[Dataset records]
*** Block opens ***
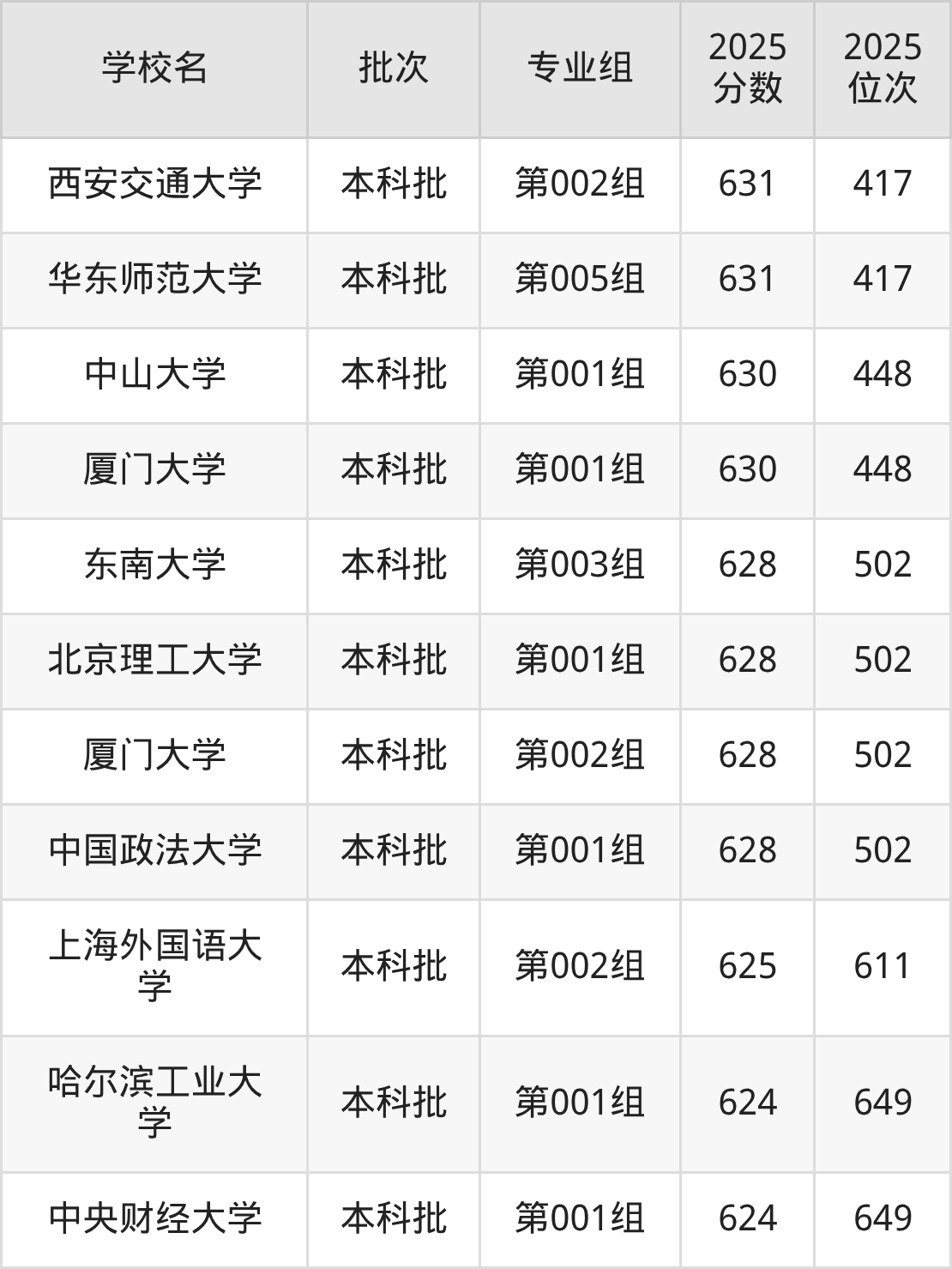 由于高考录取分数线历年波动较大,因此本文以该分数对应的位次排名为大家整理能上的大学名单。
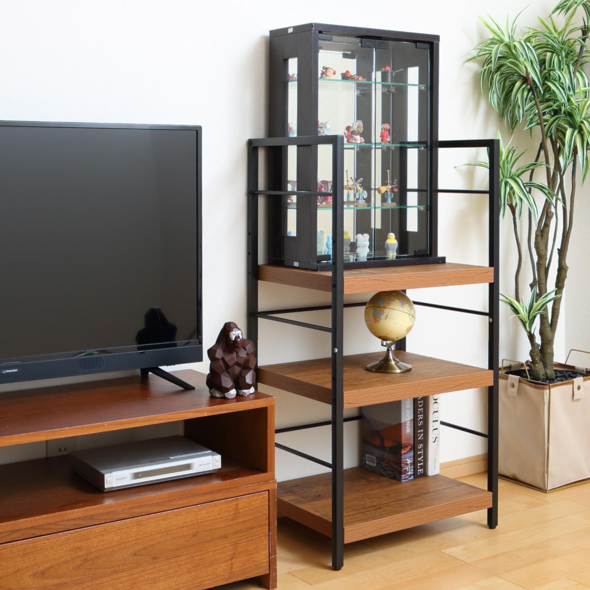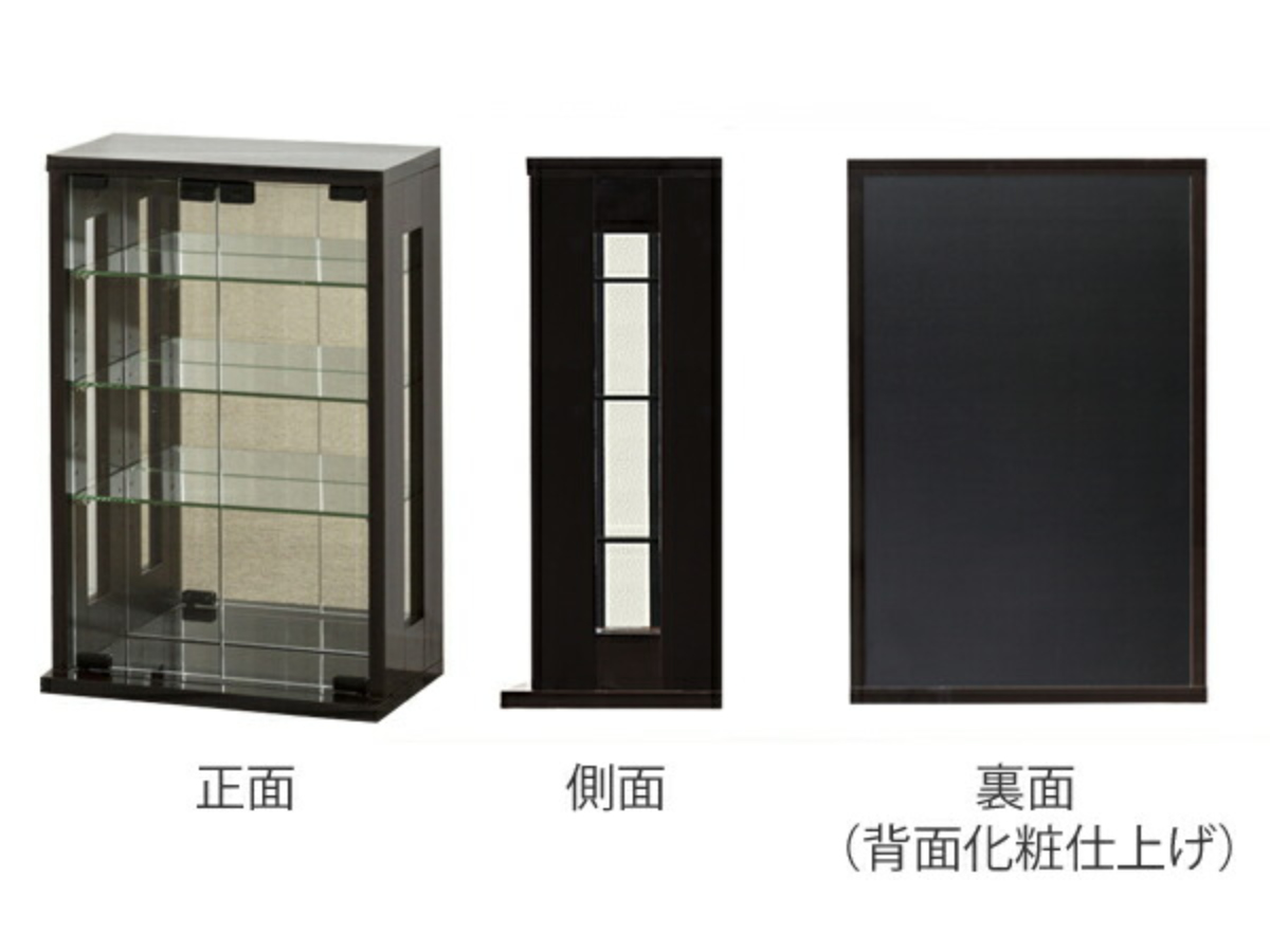 両サイドにもガラスをあしらい、横からもコレクションを眺められます。光を取り込み、飾るものをより明るく立体的に引き立てます。
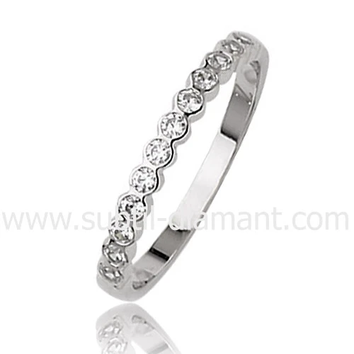 . L’alliance à une largeur de 2.5 mm. Le poids total des 12 diamants est de 0.31 ct. La couleur des diamants est G (extra blanc).
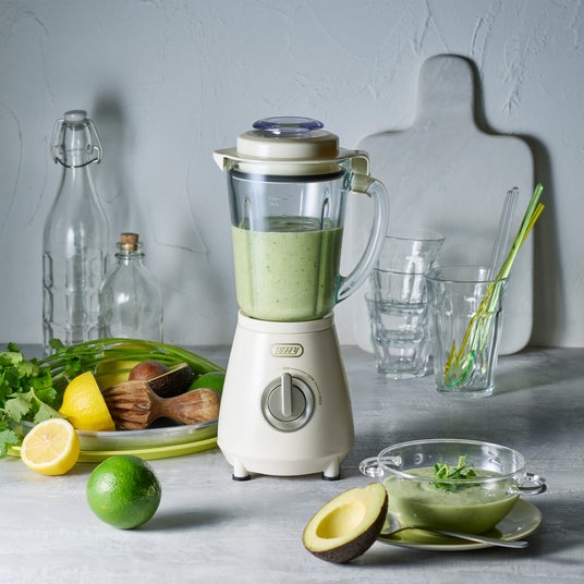 耐熱温度差120℃まで対応の耐熱ガラスジャーを採用し、氷を使ったスムージーから、熱湯を使用したポタージュまで幅広く活躍するブレンダーです。2段階のスピード切り替えやパルス機能付きで、食材やレシピに合わせて最適な調理が可能。ガラスジャーは傷がつきにくく、においや色移りも少ないうえ、食洗機対応でお手入れも簡単です。ふたのキャップは取りはずして大さじ1杯(約15mL)が量ることができるため、食材や調味料の追加にとても便利です。
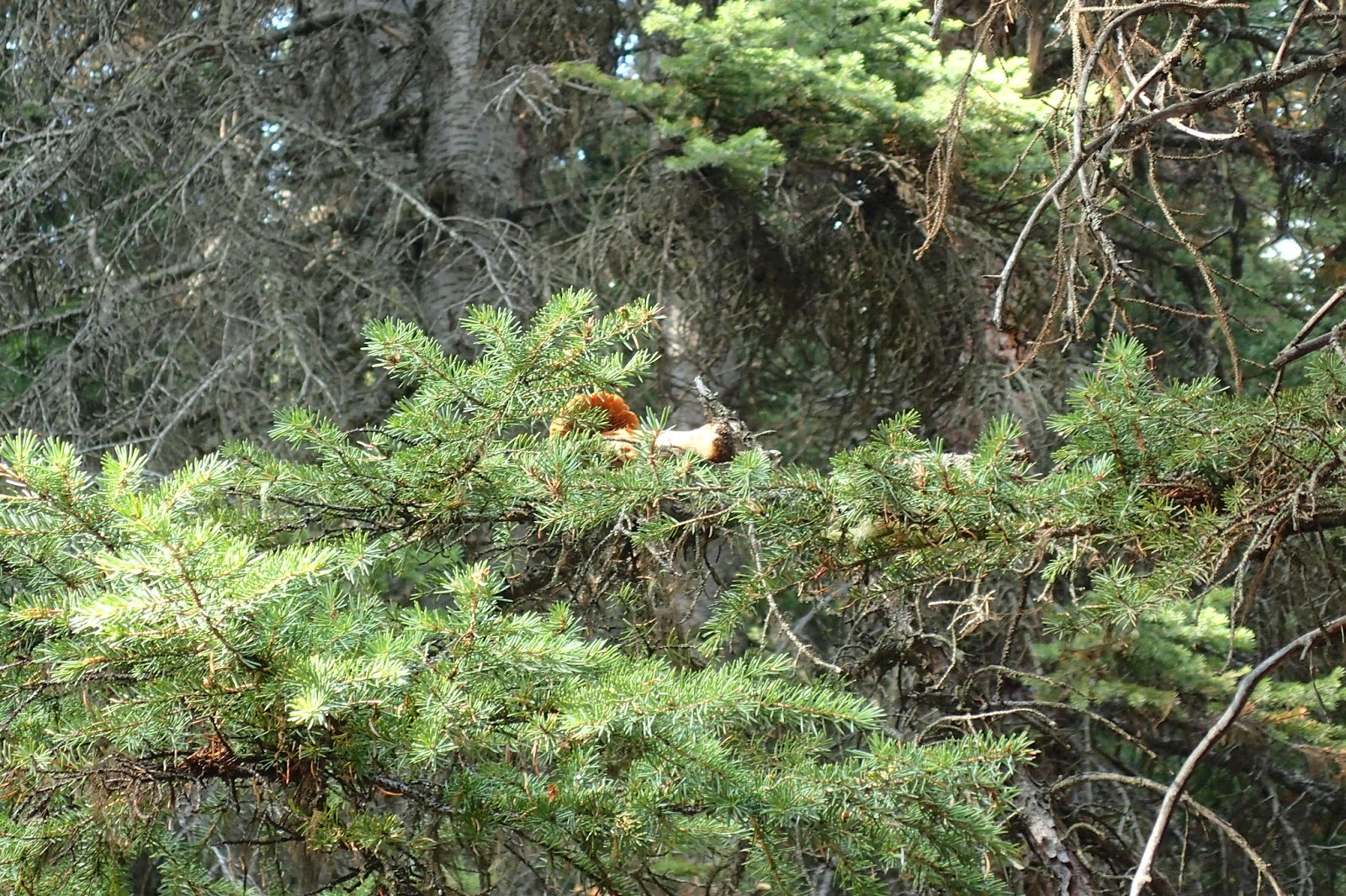 樹の枝にキノコが・・・。これは人間のイタズラじゃなくて、リスの仕業
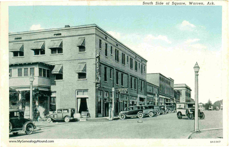 A vintage postcard of the South Side of Square, Warren, Arkansas.
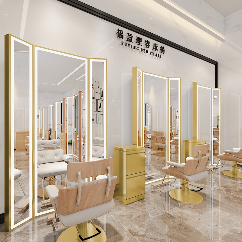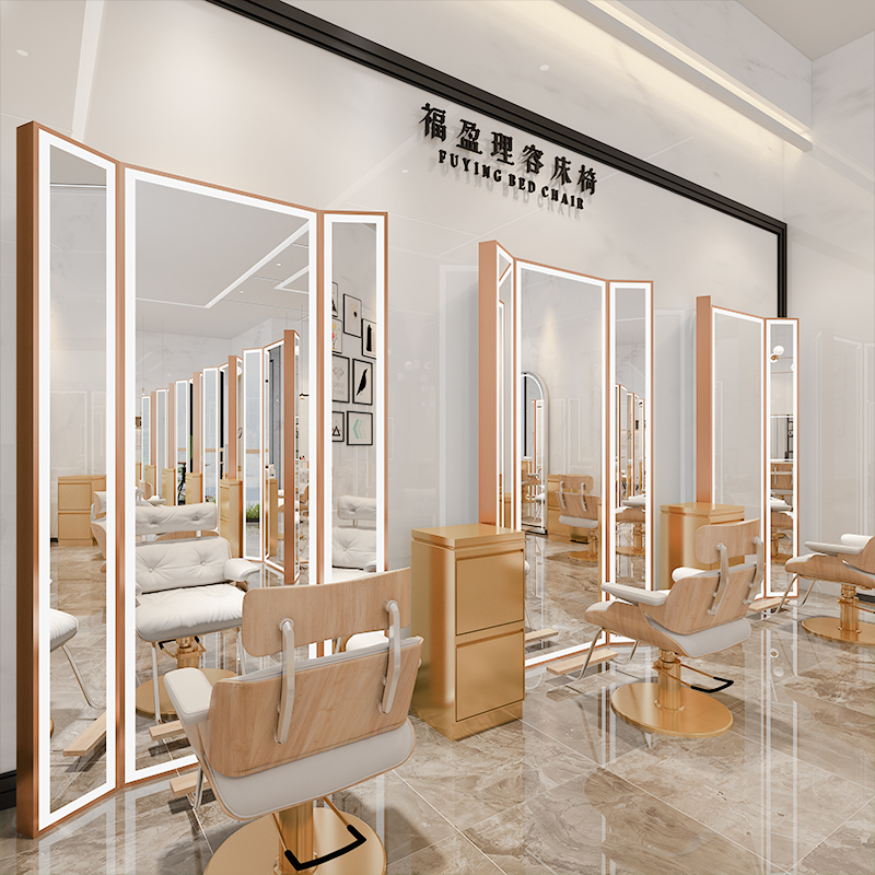 Net Red Tape Shop Mirror Table Beauty Hair Shop Mirror Hair Salon Special Haircut Mirror With Light Floor Tide-Haircut Three-Fold Mirror
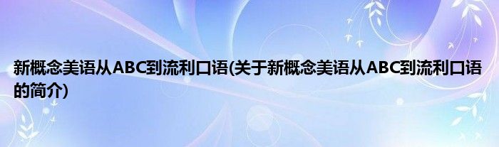 本文关于新概念美语从ABC到流利口语的简介就讲解完毕,希望对大家有所帮助。
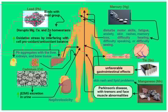 A severe infection can develop from Hg exposure. Depending on the kind, dose, manner, and duration of exposure, the most common symptoms of Hg poisoning are impaired motor skills, fatigue, anxiety, skin rashes, memory loss, difficulty hearing, difficulty speaking, or difficulty seeing. In extreme cases of MeHg poisoning, Minamata disease can develop [46]. Hg poisoning has been hypothesized to cause pink disease (acrodynia), characterized by a rosy rash and flaking skin. MeHg exposure in youngsters has been linked to various serious health issues later in life, such as renal disease and cognitive impairment. Long-term, low-dose exposure to MeHg has not been fully elucidated. Hg poisoning is one means by which suicide attempts are carried out. Hg levels can be measured in bodily fluids, such as blood, urine, and hair, but the results are not always accurate [43] (Table 1 and Figure 1).
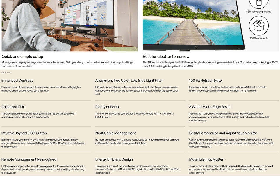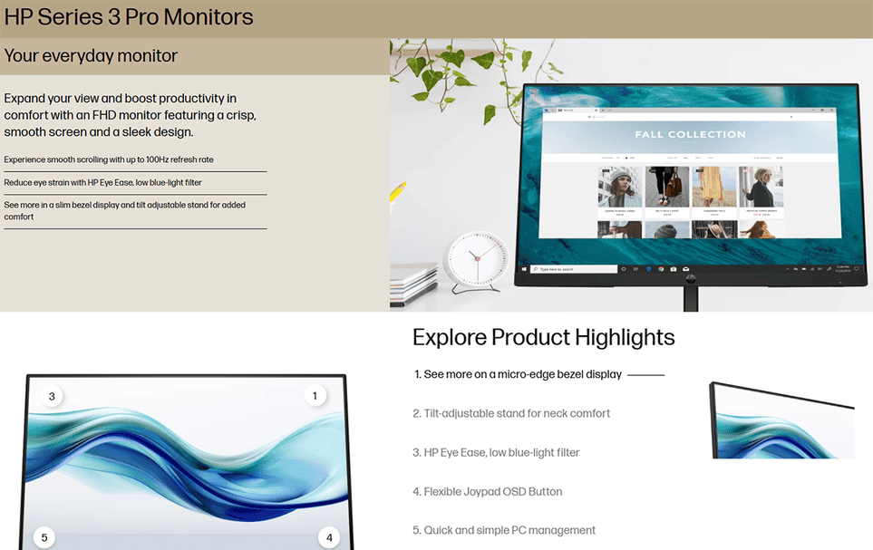 HP Series 3 Pro 324PV 23.8" FHD VA 100Hz Monitor ( VGA, HDMI, 3 Yrs Wrty )
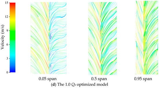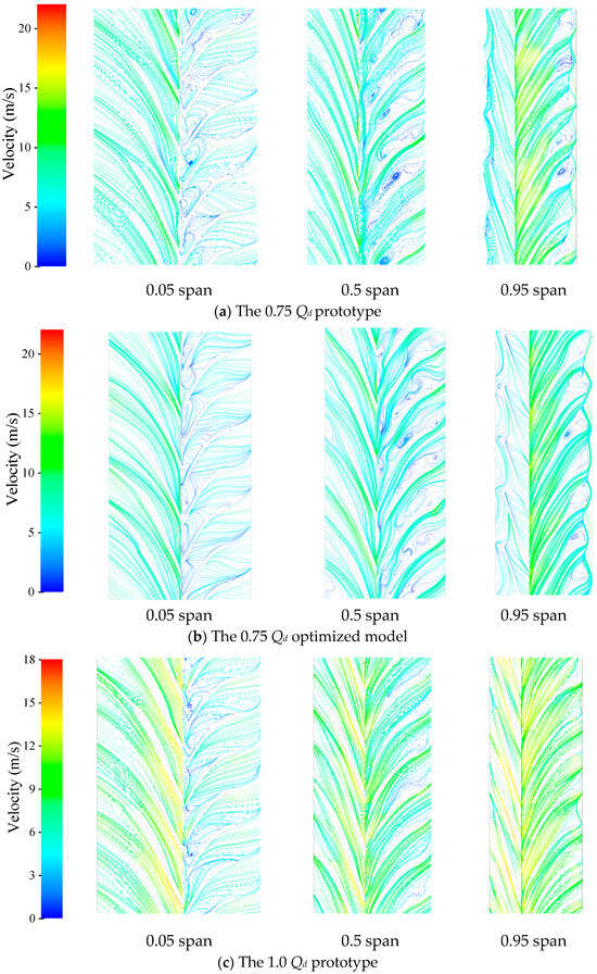The streamlines on the unfolded cross-section plane of the impeller and diffuser at three typical spanwise locations (span = 0.05, span = 0.5, and span = 0.95) before and after the optimization under two operating conditions are shown in Figure 12. The results showed that the streamlines in the impeller before and after the optimization were relatively uniform, while large-scale vortices were formed in the flow passage of the diffuser, leading to the highly non-uniform flow regimes and unwanted hydraulic losses. After the optimization, the vortices in the diffuser were basically eliminated and the flow pattern significantly improved to be smoother and more uniform, especially at the rated flow rate.
*** Block closes ***
Problem description
Leaving out the pictures, please output the lines in the entries above from the one with "両サイドにもガラスをあしらい" through the one with "G (extra blanc).", exactly as they are.

Written solution
 両サイドにもガラスをあしらい、横からもコレクションを眺められます。光を取り込み、飾るものをより明るく立体的に引き立てます。
 . L’alliance à une largeur de 2.5 mm. Le poids total des 12 diamants est de 0.31 ct. La couleur des diamants est G (extra blanc).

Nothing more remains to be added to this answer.